Race, reconciliation and the gospel
In the last year there has been heightened coverage in the media around the issues of race and violence, including the tension, apparent at times, between communities of color and the police. More recently, students of color on college campuses have been speaking out about historical and contemporary experiences of racism and discrimination. How can the gospel help us to grapple with the complexity of these issues? How can the love of God who reconciled himself to us through Jesus provide a way forward that points us toward hope and renewal?
To create space for important questions like these, Grace & Race — which seeks to help the Redeemer community wrestle lovingly and winsomely with issues pertinent to race and the gospel of grace — is hosting a series of three events this winter-spring. They are stand alone gatherings but are intended to move us as a community from a personal understanding of race and racism to a more systemic grasp of how racism manifests itself in the U.S and how the gospel shapes our response.
The first event entitled “Why Race Matters to God and What That Means for Us” will be held on January 14 at the Redeemer office. East side Lead Pastor Abe Cho will give a talk about what the Bible has to say about race and reconciliation. Then, other staff and leaders will speak about their personal experiences of race. Attendees will also have the chance to process these talks in discussion groups.
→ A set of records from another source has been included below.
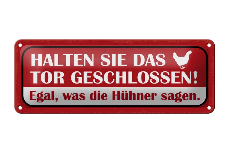 - TitelBlechschild Spruch 27x10cm Tor geschlossen egal was Hühner Dekoration [ORIGINAL BLECHSCHILD von FEMER]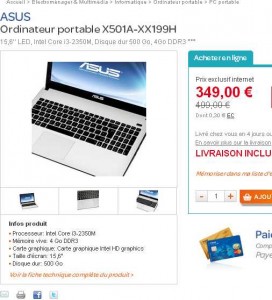Il n’a par contre qu’un chipset graphique sans mémoire dédié.. Il n’empeche qu’il est à priori tres rare de trouver un pc portable avec core i3 à moins de 400 euros .. Sur amazon un modele assez proche (X501A-XX370H – meme proc , meme disque dur, meme memoire, meme chipstet ) est à 427€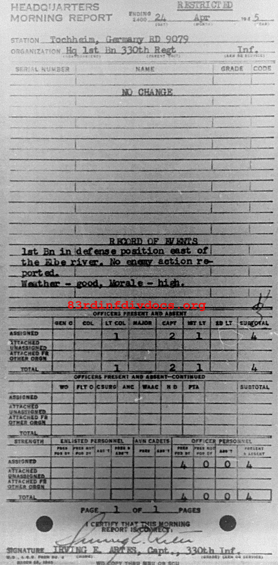 Morning report HQ1BN/330 for April 24, 1945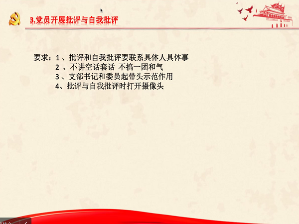 会议包括教工支部委员会述职、通报教工支部委员会查摆问题、党员对教工支部委员会的工作进行评议、党员开展批评与自我批评、民主评议党员五项议程。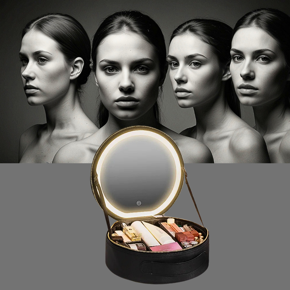 Immagina di truccarti con una luce impeccabile, una visione ampia del viso e tutti i tuoi prodotti perfettamente ordinati… ovunque tu sia. La Borsa Make Up da Viaggio GlamLuxe con Specchio LED unisce organizzazione, tecnologia e stile in un unico accessorio iconico che trasforma ogni momento beauty — dal quotidiano ai viaggi — in un rituale professionale, comodo e raffinato.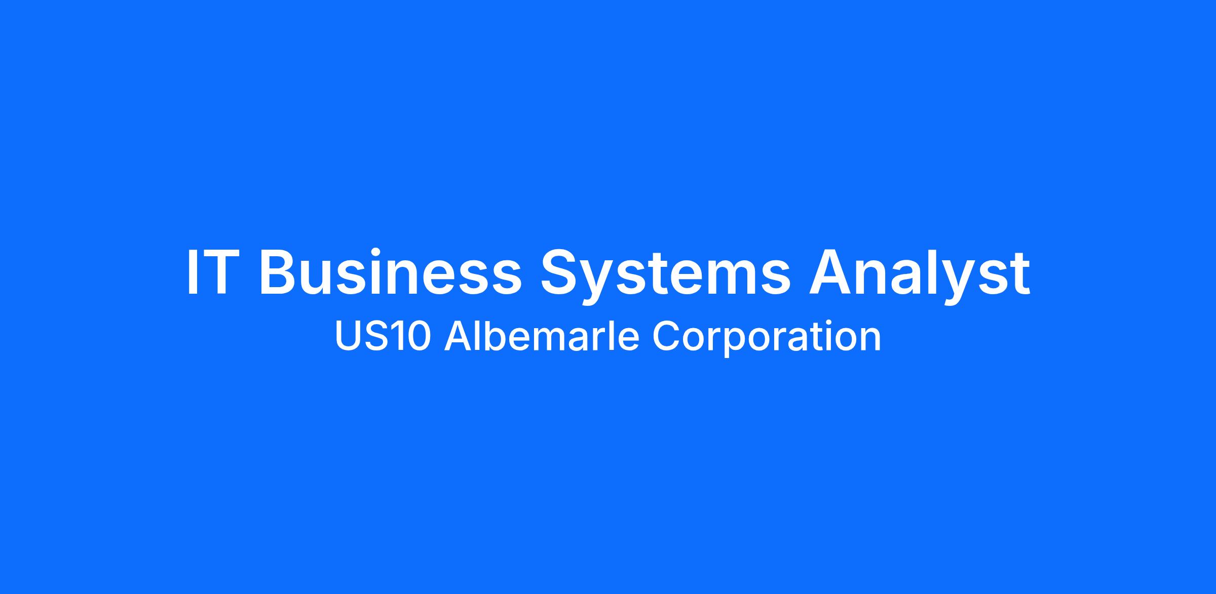 Albemarle Corporation seeks IT Business Systems Analyst in Charlotte, NC.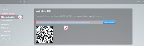 2:赤枠を入力。ユーザーIDはトリニティウォレットの「Invitation URL」というタブを押して、「MAP」に記載されています。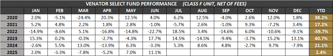 VENATOR SELECT FUND is a ‘best ideas’ strategy that strives to generate superior returns by concentrating investments in a small number of opportunities. The Fund can take both long & short investment positions in equity, debt, and derivative securities; as well as strategic trading in special situations. The allocation of long & short positions will vary depending on the opportunities that the Manager believes offer the best reward per unit of risk.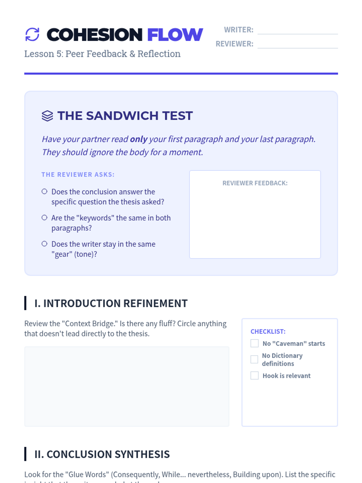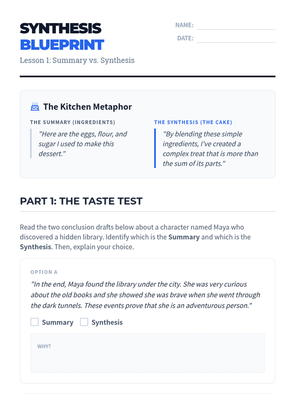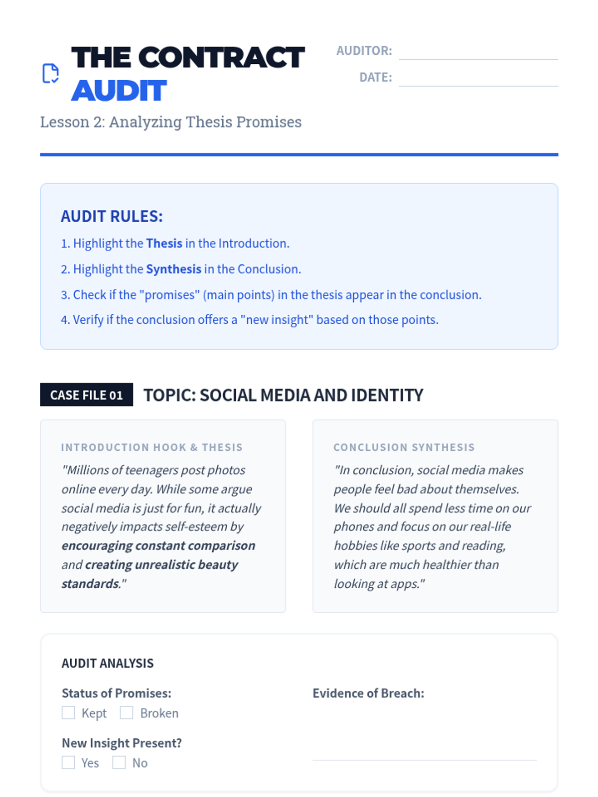 An 8th-grade writing sequence focused on moving students from simple summaries to sophisticated synthesis in their essay conclusions, emphasizing the 'contract' between the introduction and the final insight.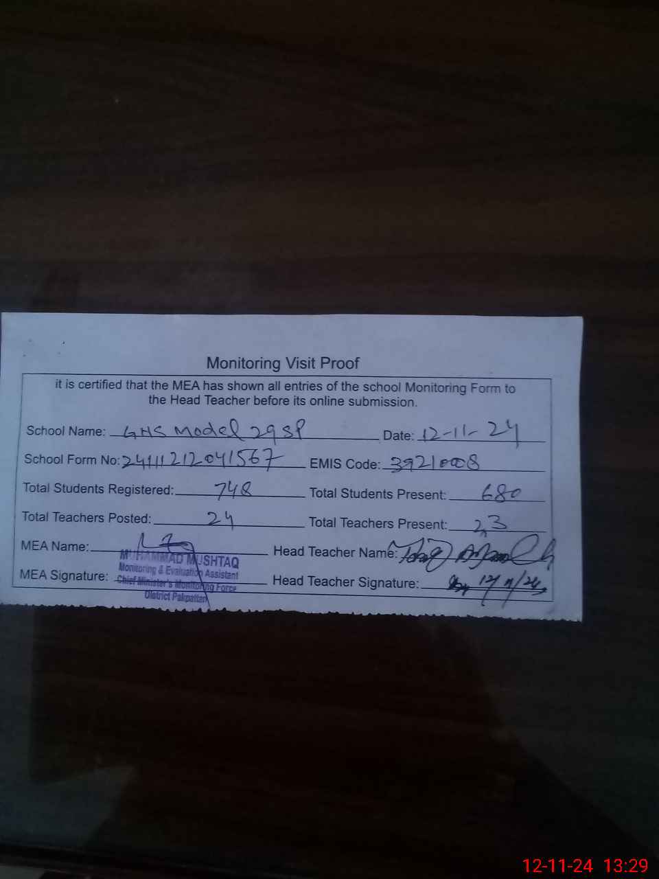 | EMIS Code: 39210008 | Name of School: GHS MODEL 29/SP PAKPATAN | |||

Space is limited but the event will be recorded and made available on the Grace and Race page of the Redeemer website.
The second event will happen in March and involve neighborhood walk-throughs where people will have an opportunity to visit community-based organizations affiliated with Hope for New York or churches that were planted by Redeemer City to City. The idea is for us to learn about the specific neighborhoods where these groups work in order to understand their unique history and challenges. We also hope to explore the particular issues of race, ethnicity, and justice that these neighborhoods and organizations encounter in our own city.
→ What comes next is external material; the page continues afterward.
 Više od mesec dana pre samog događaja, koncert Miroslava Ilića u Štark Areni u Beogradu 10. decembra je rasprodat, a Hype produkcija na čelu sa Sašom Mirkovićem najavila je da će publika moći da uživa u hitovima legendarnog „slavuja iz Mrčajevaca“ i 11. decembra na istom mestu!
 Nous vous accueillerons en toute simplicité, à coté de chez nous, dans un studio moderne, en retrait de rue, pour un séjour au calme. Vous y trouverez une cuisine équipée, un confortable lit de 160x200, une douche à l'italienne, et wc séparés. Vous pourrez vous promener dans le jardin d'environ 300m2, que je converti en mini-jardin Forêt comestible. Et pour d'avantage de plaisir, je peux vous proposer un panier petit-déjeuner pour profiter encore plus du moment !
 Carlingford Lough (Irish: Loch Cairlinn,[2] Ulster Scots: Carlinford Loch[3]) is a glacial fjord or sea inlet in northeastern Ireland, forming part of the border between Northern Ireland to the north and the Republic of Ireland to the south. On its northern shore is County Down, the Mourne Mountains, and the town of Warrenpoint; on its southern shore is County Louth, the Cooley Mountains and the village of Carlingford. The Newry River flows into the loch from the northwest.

The final event in this series will be a talk on May 20 with Tim Keller and Bryan Stevenson, civil rights attorney and Executive Director of the Equal Justice Initiative (eji.org). Stevenson is also the author of the New York Times best seller, Just Mercy, which you may have seen in paperback at a Starbucks this summer. Stevenson’s work centers around providing legal representation to those on death row, decreasing the U.S. prison population over the next decade, and seeking to create a renewed and more honest conversation about the effects of slavery and lynching on this country.
We welcome prayer for these events and hope you will consider attending one. Better still, come, and bring a friend.